» **DATA TO USE**
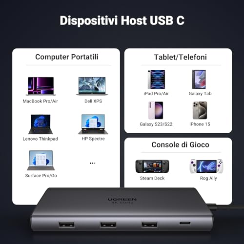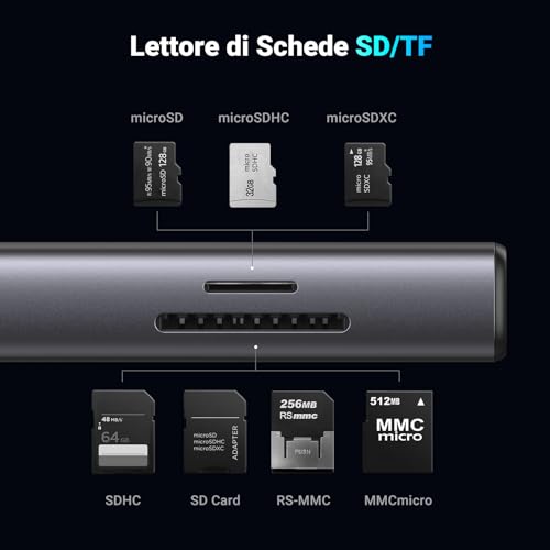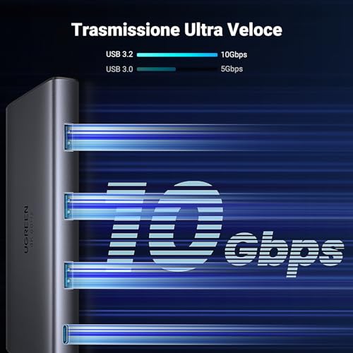 UGREEN Revodok Pro 109 Hub USB C 3.2 Gen 2 10Gbps HDMI 4K60Hz Ethernet RJ45 Adattatore USB C USB PD Carica 100W Lettore Schede SD TF Compatibile con MacBook Pro Air iPad Pro Air iPhone 15 Pro Surface
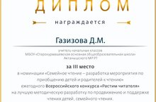 Негосударственное образовательное учреждение ДПО "Центр социально-гуманитарного образования" провел Всероссийский конкурс "Растим читателя" на лучшую методическую разработку по продвижению и подготовке чтения детей, семейного чтения. Учитель начальных классов Газизова Д.М. участвовала в этом проекте и заняла 3 место в номинации "Семейное чтение - разработка мероприятия по приобщению детей и родителей к чтению". Поздравляем!!!
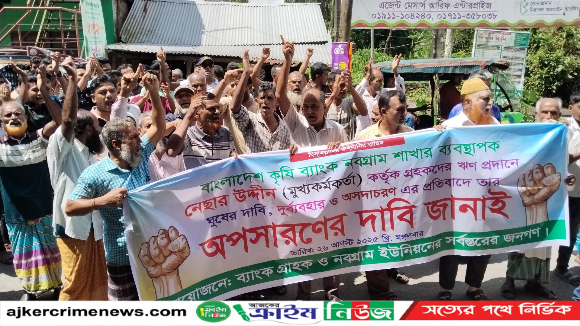 এবিষয়ে নবগ্রামের বাসিন্দা সৈয়দ মোঃ নুরুল হকসহ ১৭ জন গ্রাহক ও সাধারণ মানুষ মিলে কৃষি ব্যাংকের ব্যবস্থাপনা পরিচালক বরাবর কয়েক মাস আগে একটি অভিযোগ দায়ের করেন। অভিযোগ পত্রে ব্যাংকের ব্যবস্থাপকের বিরুদ্ধে গ্রাহকদের সাথে দুর্ব্যবহার, লোনও ব্যাংক সেবার বিনিময়ে অবৈধভাবে অর্থ গ্রহণ ও আওয়ামীলীগ সমর্থিত স্বাধীনতা ব্যাংকার পরিষদের নেতা থাকাকালীন সময়ে নানা অভিযোগ বিষয়ে সঠিক বিচার পাওয়ার দাবি জানান।
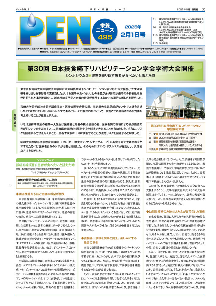◆第30回 日本摂食嚥下リハビリテーション学会学術大会開催シンポジウム2◉誤嚥を繰り返す患者が食べたいと訴えた時 ◆第11回日本時間栄養学会学術大会...
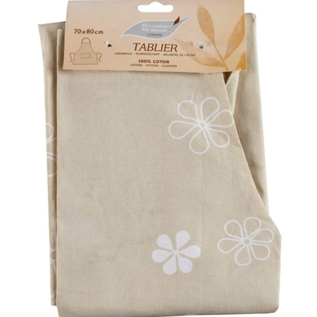 Tablier 100% coton de 70×80 cm de dimensions, avec imprimés fleurs.
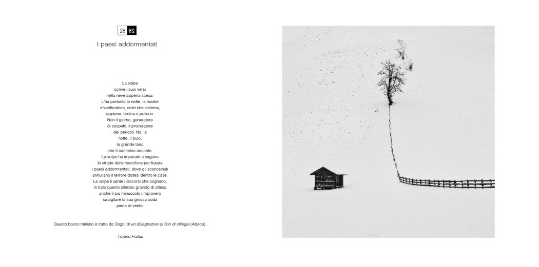 Roberto Besana ha curato un bel libro, Il paesaggio – Dialogo tra Fotografia e Parola (Topffer editore), tributo al giornalista e viaggiatore Pietro Greco. Il volume raccoglie una selezione delle splendide fotografie in bianco e nero di Pietro e altrettanti contributi di autori, giornalisti, poeti, studiosi e viaggiatori fra i quali Piero Angela, Silvia Bencivelli, Valentina Fortichiari, Piergiorgio Odifreddi, Telmo Pievani, Mario Salomone, Silvestro Serra, Giuseppe Longo, Chiara Valerio e Stefano Zuffi. E’ presente anche un modesto Homo Radix, qui con un bosco miniato, I paesi addormentati, tratto da Sogni di un disegnatore di fiori di ciliegio (Aboca). Buona lettura.
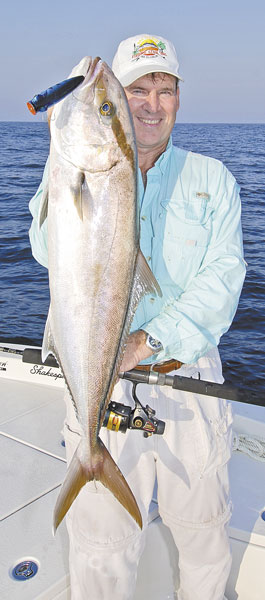 “We usually hook them when we’re trolling for king mackerel, and that’s always bad,” Barbour said. “With 20-pound trolling gear, all you’re going to reel in is a frayed line if he gets down to the bottom. If you want to specifically target amberjack, one of the most fun ways of doing it is with a topwater plug. Tsunami makes some inexpensive poppers that really do the trick.”
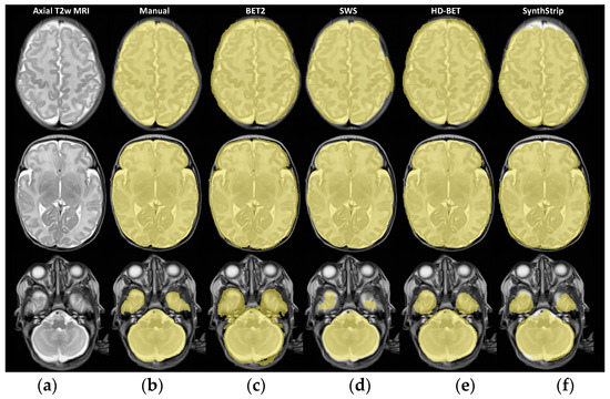 TEA brain T2w MRI of a preterm neonate (born at 29 weeks GA) in three different axial slices (a) (from bottom to top: slice numbers 9, 17, and 26) and corresponding overlapping brain masks (in yellow) from each BE method: (b) Manual, (c) BET2, (d) SWS, (e) HD-BET, and (f) SynthStrip.
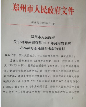 近几日,根据河南省名牌战略推进委员会《河南省名牌产品管理办法》的有关要求,对“2012年河南省名牌产品”申报产品进行了审查认定,授予郑州市华中建机有限公司的HZQ架桥机为“2012年河南省名牌产品”称号。
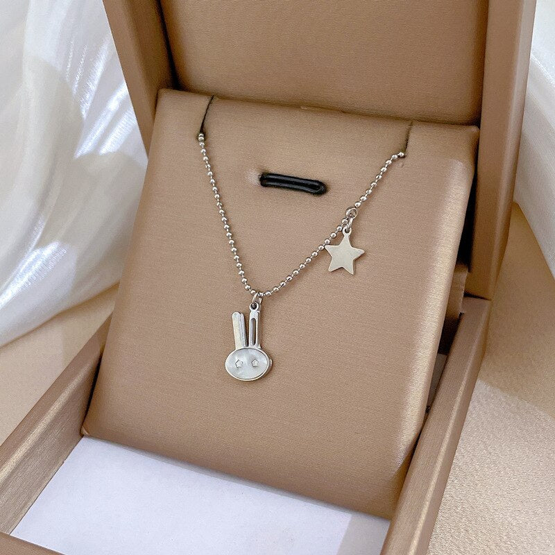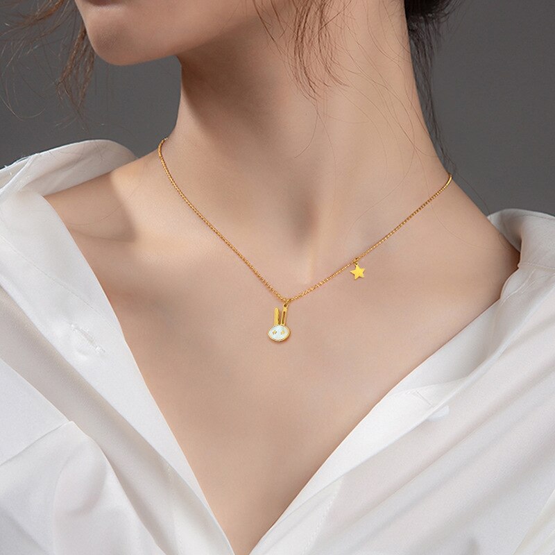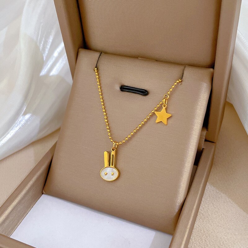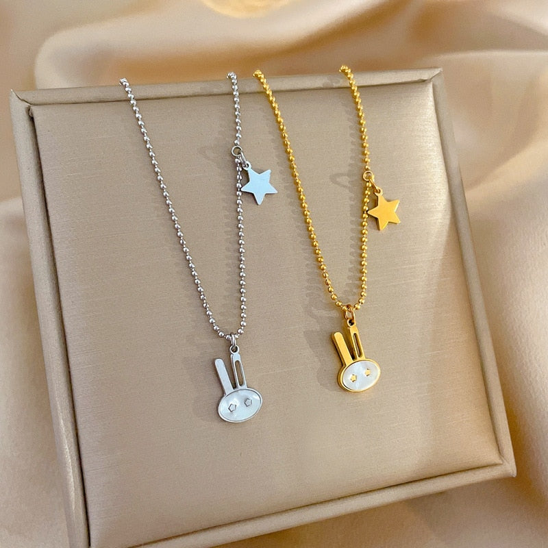 Collar con colgante de conejito clásico de concha natural, chapado en oro de acero titanio 585, joyería coreana para mujer, estilo gótico para fiesta.

» **TASK GOAL**
The answer should contain only the lines from the start of the records above through the line with "Негосударственное образовательное учреждение", copied exactly, and no pictures.

» **RESULT FOR THIS TASK**
 UGREEN Revodok Pro 109 Hub USB C 3.2 Gen 2 10Gbps HDMI 4K60Hz Ethernet RJ45 Adattatore USB C USB PD Carica 100W Lettore Schede SD TF Compatibile con MacBook Pro Air iPad Pro Air iPhone 15 Pro Surface
 Негосударственное образовательное учреждение ДПО "Центр социально-гуманитарного образования" провел Всероссийский конкурс "Растим читателя" на лучшую методическую разработку по продвижению и подготовке чтения детей, семейного чтения. Учитель начальных классов Газизова Д.М. участвовала в этом проекте и заняла 3 место в номинации "Семейное чтение - разработка мероприятия по приобщению детей и родителей к чтению". Поздравляем!!!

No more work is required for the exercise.